"Rindu ini sungguh membuatku candu, berharap raga bisa terus menyatu. Rindu bukan soal perkara bertemu, berjumpa juga bukanlah sebuah titik temu. Seperti candu, ingin bersama selalu. Namun sayang selalu di batas oleh waktu."
----
"Bagaimana rasanya pulang diantar langsung oleh pimpinan rumah sakit, Cha?"
Pertanyaan tiba-tiba Nisa dengan raut wajah penuh selidik kepada Alissa. Kini mereka berdua tengah duduk santai di ruang praktik rumah sakit.
Nisa, satu-satunya sahabat Alissa yang menjadi saksi hidup semua kisah sedih dan bahagianya selama ini. Walaupun mereka sempat terpisah saat menempuh pendidikan kuliah, tapi pada akhirnya bisa kembali bertemu bahkan bekerja di rumah sakit yang sama. Nisa juga menjadi seorang dokter seperti Alissa. Bedanya, Nisa mengambil spesialis anak sedangkan Alissa mengambil spesialis kandungan.
"Bagaimana apanya, Nis?" cicit Alissa.
Nisa menipiskan bibirnya, melempar tatapan menggoda. "Kamu pasti tahu maksudku, Icha.
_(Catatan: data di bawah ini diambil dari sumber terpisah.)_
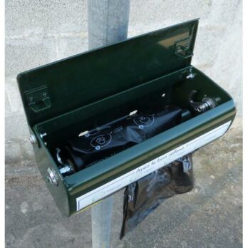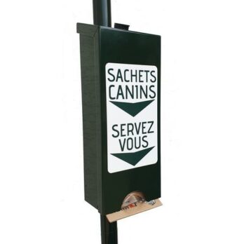Distributeurs de sacs à déjections : disponibles en versions murales ou sur poteau, compatibles avec des sacs en rouleau ou en liasse.

Apa perlu aku perjelas pertanyaanku sebelumnya?"
Alissa terkekeh pelan, ia paham sahabatnya tengah menggodanya saat ini. Belum lagi di jawab, suara ketukan pintu mengalihkan pandangan mereka berdua.
"Dokter Icha, ini ada titipan dari Dokter Ashraf," ucap salah satu perawat seraya memberikan box putih berukuran sedang kepada Alissa.
Alissa mengerutkan alisnya. "Ini apa?" tanyanya bingung
"Saya kurang tahu isinya apa, tadi Dokter Ashraf cuman titip minta tolong diberikan kepada Dokter Icha," jawab si perawat.
Alissa mengangguk lalu menerima box yang belakangan di ketahui berisi beberapa kue didalamnya. Nisa yang penasaran pun ikut bertanya. "Terus Dokter Ashraf ke mana?"
"Dokter Ashraf pergi ke musolla. Mau solat dhuha, katanya. Makanya ini box dititipkan ke saya buat diserahkan ke dokter Icha," jawab perawat itu sejurus kemudian pergi meninggalkan Alissa dan Nisa berdua di ruangannya.
Ekspresi mengejek langsung melumuri wajah Nisa, ia memangkas jarak sedekat mungkin untuk kemudian berdiri tepat di samping Alissa.
"Lihat, hari ini Dokter Ashraf ngasih kue. Nggak menutup kemungkinan besok dia ngasih barang lainnya juga. Aku curiga, jangan-jangan dia naksir kamu, Cha."
"Hush..." desis Alissa. "...nggak mungkin, kita baru kenal beberapa hari."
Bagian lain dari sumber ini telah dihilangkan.